## TASK PROMPT
Starting with the line that contains "Lasiset säilytyspurkit korkkikannella" and stopping after the line that contains "Brown and yellow", return each line below exactly as written, with no others.
DATASET: Begin
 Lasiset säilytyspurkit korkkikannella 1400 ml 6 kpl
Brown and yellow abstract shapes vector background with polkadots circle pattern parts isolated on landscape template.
DATASET: End
DATASET: Begin
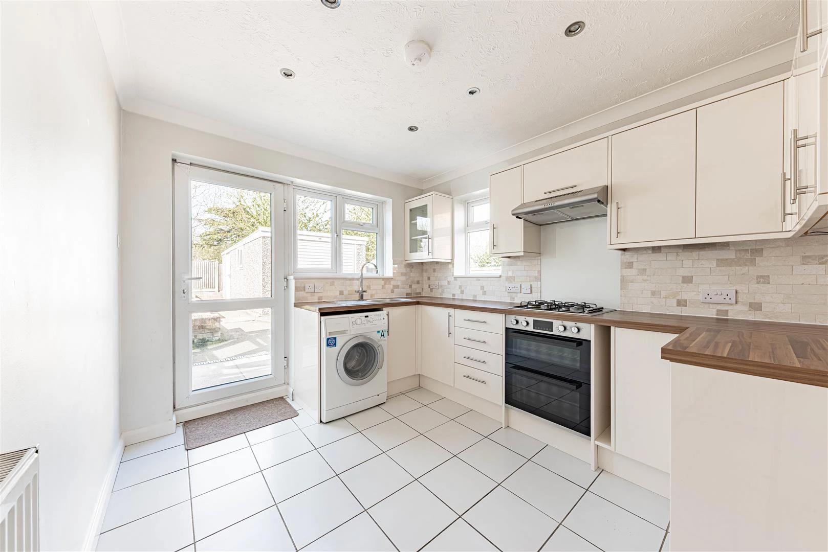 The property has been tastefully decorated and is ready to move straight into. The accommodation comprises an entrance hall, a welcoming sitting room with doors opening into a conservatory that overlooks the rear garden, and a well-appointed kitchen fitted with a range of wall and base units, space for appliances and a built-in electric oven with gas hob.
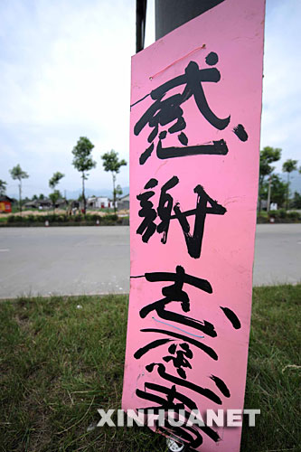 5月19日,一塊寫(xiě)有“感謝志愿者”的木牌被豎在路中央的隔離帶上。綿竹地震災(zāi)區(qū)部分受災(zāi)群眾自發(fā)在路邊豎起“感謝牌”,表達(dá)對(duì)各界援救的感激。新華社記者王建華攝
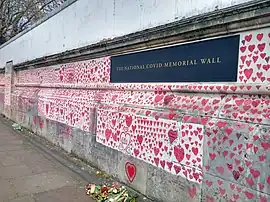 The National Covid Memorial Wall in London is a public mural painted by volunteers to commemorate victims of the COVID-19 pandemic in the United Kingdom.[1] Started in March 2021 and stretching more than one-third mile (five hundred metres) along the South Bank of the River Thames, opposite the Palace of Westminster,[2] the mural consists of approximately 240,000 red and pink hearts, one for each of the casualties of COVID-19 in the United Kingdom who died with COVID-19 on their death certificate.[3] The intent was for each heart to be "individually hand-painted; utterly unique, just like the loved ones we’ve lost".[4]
DATASET: End
## ANSWER SECTION
 Lasiset säilytyspurkit korkkikannella 1400 ml 6 kpl
Brown and yellow abstract shapes vector background with polkadots circle pattern parts isolated on landscape template.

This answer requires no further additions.